__Work instruction__. The expected answer is the set of lines in the data below between the line holding "池州市供水有限公司關(guān)于車輛報(bào)廢處置的公示 | |" and the line holding "So just last", inclusive, written out exactly.

__Given information__.
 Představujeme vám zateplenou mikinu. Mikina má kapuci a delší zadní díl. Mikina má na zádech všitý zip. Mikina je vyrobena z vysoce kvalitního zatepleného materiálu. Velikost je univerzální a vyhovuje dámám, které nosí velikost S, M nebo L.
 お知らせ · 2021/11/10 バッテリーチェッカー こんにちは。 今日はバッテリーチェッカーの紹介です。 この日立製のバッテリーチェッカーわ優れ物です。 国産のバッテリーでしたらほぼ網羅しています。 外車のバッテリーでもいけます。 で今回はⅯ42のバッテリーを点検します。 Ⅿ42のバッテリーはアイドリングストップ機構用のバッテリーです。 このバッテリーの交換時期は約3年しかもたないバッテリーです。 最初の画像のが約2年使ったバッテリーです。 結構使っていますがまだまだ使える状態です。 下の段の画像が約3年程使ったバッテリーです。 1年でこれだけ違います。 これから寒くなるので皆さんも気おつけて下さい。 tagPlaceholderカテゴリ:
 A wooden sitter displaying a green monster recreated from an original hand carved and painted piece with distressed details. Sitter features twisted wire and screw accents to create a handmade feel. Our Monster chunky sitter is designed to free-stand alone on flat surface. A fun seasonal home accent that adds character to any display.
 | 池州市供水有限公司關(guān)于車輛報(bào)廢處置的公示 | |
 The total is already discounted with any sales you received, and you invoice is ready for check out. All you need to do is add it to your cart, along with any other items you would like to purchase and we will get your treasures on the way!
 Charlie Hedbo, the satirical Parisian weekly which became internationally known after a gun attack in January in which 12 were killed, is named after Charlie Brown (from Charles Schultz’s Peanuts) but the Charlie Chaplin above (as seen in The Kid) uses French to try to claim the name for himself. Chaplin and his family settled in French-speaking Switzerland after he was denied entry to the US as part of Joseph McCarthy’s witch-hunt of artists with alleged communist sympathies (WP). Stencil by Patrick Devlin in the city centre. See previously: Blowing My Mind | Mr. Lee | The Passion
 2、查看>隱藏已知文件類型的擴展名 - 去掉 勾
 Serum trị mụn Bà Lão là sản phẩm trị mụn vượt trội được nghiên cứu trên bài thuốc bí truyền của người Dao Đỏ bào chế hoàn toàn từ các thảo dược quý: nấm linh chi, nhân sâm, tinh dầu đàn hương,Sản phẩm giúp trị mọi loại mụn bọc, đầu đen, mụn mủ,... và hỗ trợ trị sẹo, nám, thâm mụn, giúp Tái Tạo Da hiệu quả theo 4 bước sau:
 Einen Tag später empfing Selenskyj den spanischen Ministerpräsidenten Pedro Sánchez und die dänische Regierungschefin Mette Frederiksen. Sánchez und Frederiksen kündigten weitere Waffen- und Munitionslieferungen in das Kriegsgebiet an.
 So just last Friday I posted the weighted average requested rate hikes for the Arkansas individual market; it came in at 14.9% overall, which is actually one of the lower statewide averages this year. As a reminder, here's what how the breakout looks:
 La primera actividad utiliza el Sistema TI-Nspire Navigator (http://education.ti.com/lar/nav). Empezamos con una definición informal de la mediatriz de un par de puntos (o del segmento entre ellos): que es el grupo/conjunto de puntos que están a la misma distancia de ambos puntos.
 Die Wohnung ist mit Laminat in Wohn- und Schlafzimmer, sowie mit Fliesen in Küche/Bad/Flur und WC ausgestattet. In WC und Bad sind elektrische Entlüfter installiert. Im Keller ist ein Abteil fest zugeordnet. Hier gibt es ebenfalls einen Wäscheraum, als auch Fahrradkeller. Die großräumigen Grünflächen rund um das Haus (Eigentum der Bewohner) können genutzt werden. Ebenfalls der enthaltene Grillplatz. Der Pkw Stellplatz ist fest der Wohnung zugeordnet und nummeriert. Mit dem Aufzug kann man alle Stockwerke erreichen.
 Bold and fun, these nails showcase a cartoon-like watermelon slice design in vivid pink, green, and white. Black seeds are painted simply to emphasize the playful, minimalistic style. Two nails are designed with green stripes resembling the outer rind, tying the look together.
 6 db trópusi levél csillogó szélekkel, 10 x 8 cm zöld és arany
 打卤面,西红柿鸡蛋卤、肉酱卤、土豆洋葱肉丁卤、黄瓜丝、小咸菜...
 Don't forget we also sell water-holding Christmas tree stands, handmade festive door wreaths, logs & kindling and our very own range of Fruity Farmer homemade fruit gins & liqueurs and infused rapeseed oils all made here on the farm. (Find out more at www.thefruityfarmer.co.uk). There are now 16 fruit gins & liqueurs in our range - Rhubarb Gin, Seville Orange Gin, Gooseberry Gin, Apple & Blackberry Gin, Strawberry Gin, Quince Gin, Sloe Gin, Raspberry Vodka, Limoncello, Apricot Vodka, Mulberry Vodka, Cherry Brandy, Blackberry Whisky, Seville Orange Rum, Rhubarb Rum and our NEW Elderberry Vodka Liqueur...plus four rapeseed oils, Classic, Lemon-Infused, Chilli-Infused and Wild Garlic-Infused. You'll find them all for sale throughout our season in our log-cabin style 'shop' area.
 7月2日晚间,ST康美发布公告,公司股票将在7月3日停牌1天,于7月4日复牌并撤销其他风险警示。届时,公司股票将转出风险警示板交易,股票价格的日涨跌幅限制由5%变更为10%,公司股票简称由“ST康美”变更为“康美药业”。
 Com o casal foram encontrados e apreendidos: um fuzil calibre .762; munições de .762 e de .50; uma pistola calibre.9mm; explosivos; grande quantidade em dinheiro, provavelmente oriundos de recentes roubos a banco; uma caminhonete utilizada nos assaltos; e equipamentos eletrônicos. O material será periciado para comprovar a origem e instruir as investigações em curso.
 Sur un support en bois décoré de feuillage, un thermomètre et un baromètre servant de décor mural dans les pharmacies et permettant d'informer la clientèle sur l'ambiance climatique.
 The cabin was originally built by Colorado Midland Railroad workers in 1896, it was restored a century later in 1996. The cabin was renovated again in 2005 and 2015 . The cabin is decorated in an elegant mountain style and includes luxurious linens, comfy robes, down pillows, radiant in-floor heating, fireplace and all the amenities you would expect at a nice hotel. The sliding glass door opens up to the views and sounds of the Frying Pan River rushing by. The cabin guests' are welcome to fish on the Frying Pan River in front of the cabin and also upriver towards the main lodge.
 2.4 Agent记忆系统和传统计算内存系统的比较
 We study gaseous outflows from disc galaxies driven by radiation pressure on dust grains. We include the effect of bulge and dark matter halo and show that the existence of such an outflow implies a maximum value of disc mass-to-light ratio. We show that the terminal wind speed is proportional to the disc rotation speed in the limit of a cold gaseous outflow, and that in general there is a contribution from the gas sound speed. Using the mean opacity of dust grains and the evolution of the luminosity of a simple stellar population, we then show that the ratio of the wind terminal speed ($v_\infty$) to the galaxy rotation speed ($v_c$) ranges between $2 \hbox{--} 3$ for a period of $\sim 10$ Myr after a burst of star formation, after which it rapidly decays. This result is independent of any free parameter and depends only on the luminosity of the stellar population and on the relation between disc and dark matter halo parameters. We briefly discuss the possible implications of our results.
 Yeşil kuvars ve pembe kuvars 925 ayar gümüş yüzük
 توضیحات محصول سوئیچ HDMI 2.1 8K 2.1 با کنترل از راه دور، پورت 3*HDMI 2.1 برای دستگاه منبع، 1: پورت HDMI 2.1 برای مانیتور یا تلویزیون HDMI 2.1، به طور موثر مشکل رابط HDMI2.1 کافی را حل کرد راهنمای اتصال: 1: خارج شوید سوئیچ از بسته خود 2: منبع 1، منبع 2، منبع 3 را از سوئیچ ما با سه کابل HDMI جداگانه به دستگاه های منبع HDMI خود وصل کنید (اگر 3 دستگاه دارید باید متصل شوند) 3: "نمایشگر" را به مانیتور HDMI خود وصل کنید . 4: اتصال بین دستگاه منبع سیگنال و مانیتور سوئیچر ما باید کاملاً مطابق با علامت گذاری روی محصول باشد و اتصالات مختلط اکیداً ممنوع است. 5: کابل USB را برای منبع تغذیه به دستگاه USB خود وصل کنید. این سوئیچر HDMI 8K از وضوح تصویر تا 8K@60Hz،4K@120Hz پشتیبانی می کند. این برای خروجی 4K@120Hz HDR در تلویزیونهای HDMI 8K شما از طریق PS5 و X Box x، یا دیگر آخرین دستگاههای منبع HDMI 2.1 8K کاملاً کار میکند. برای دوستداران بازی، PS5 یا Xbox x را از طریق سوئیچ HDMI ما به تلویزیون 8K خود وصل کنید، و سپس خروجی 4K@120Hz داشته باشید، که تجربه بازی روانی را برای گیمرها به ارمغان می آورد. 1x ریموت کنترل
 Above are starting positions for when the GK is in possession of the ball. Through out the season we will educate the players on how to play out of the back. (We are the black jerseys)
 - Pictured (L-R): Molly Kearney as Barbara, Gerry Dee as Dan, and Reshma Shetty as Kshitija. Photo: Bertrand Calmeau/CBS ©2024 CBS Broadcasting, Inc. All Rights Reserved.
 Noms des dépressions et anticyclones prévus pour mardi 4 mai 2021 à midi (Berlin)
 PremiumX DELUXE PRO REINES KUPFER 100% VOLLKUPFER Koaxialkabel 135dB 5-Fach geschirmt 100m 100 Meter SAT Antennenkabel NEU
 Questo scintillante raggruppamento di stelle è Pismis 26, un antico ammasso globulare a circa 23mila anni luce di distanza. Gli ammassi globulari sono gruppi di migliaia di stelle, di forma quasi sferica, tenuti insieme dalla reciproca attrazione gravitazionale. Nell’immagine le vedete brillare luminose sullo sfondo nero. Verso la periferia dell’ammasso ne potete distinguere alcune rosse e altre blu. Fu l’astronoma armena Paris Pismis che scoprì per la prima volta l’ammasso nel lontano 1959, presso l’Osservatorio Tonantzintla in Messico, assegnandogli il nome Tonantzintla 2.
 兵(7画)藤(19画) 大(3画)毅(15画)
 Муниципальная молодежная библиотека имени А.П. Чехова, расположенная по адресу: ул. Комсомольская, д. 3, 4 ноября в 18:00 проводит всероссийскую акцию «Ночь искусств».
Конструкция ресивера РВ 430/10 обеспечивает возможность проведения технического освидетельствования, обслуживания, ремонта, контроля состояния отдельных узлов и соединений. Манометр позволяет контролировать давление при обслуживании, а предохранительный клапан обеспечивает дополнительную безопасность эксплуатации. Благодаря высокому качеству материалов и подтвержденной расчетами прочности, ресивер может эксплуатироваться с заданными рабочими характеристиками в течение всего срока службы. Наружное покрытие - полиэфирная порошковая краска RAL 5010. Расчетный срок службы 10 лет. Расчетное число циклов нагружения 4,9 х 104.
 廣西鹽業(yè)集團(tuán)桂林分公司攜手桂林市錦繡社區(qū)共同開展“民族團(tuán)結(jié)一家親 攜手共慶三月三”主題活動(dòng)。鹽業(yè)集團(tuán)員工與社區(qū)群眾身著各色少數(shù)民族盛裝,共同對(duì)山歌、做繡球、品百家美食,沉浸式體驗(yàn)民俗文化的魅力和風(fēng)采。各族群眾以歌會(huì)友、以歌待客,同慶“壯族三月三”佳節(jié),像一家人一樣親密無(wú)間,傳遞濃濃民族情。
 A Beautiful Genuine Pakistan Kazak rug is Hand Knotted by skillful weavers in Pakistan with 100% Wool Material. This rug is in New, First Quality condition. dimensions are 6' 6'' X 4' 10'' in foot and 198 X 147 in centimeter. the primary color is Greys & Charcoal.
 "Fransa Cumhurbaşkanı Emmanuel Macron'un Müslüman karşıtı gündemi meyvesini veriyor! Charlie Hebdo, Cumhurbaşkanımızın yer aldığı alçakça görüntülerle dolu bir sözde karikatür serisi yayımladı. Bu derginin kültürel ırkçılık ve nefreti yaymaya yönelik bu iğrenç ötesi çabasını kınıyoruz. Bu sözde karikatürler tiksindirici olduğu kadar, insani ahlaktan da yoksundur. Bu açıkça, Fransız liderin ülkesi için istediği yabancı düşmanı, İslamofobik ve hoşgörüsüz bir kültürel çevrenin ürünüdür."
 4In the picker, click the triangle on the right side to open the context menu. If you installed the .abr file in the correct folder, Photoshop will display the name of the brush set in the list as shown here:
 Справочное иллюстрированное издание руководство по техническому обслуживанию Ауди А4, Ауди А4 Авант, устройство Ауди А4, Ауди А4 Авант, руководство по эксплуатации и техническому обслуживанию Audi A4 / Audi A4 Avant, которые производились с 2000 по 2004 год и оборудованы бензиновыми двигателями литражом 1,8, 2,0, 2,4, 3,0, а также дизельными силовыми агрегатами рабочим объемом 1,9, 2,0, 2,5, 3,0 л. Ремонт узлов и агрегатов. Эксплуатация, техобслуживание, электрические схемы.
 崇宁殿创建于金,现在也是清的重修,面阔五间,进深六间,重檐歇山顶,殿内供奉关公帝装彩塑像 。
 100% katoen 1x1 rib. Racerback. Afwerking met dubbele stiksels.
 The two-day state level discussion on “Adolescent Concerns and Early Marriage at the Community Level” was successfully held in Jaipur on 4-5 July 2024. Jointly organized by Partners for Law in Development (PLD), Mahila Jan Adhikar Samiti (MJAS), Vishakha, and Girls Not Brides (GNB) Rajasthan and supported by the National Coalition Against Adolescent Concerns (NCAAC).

__Solution to this task__.
 | 池州市供水有限公司關(guān)于車輛報(bào)廢處置的公示 | |
 The total is already discounted with any sales you received, and you invoice is ready for check out. All you need to do is add it to your cart, along with any other items you would like to purchase and we will get your treasures on the way!
 Charlie Hedbo, the satirical Parisian weekly which became internationally known after a gun attack in January in which 12 were killed, is named after Charlie Brown (from Charles Schultz’s Peanuts) but the Charlie Chaplin above (as seen in The Kid) uses French to try to claim the name for himself. Chaplin and his family settled in French-speaking Switzerland after he was denied entry to the US as part of Joseph McCarthy’s witch-hunt of artists with alleged communist sympathies (WP). Stencil by Patrick Devlin in the city centre. See previously: Blowing My Mind | Mr. Lee | The Passion
 2、查看>隱藏已知文件類型的擴展名 - 去掉 勾
 Serum trị mụn Bà Lão là sản phẩm trị mụn vượt trội được nghiên cứu trên bài thuốc bí truyền của người Dao Đỏ bào chế hoàn toàn từ các thảo dược quý: nấm linh chi, nhân sâm, tinh dầu đàn hương,Sản phẩm giúp trị mọi loại mụn bọc, đầu đen, mụn mủ,... và hỗ trợ trị sẹo, nám, thâm mụn, giúp Tái Tạo Da hiệu quả theo 4 bước sau:
 Einen Tag später empfing Selenskyj den spanischen Ministerpräsidenten Pedro Sánchez und die dänische Regierungschefin Mette Frederiksen. Sánchez und Frederiksen kündigten weitere Waffen- und Munitionslieferungen in das Kriegsgebiet an.
 So just last Friday I posted the weighted average requested rate hikes for the Arkansas individual market; it came in at 14.9% overall, which is actually one of the lower statewide averages this year. As a reminder, here's what how the breakout looks:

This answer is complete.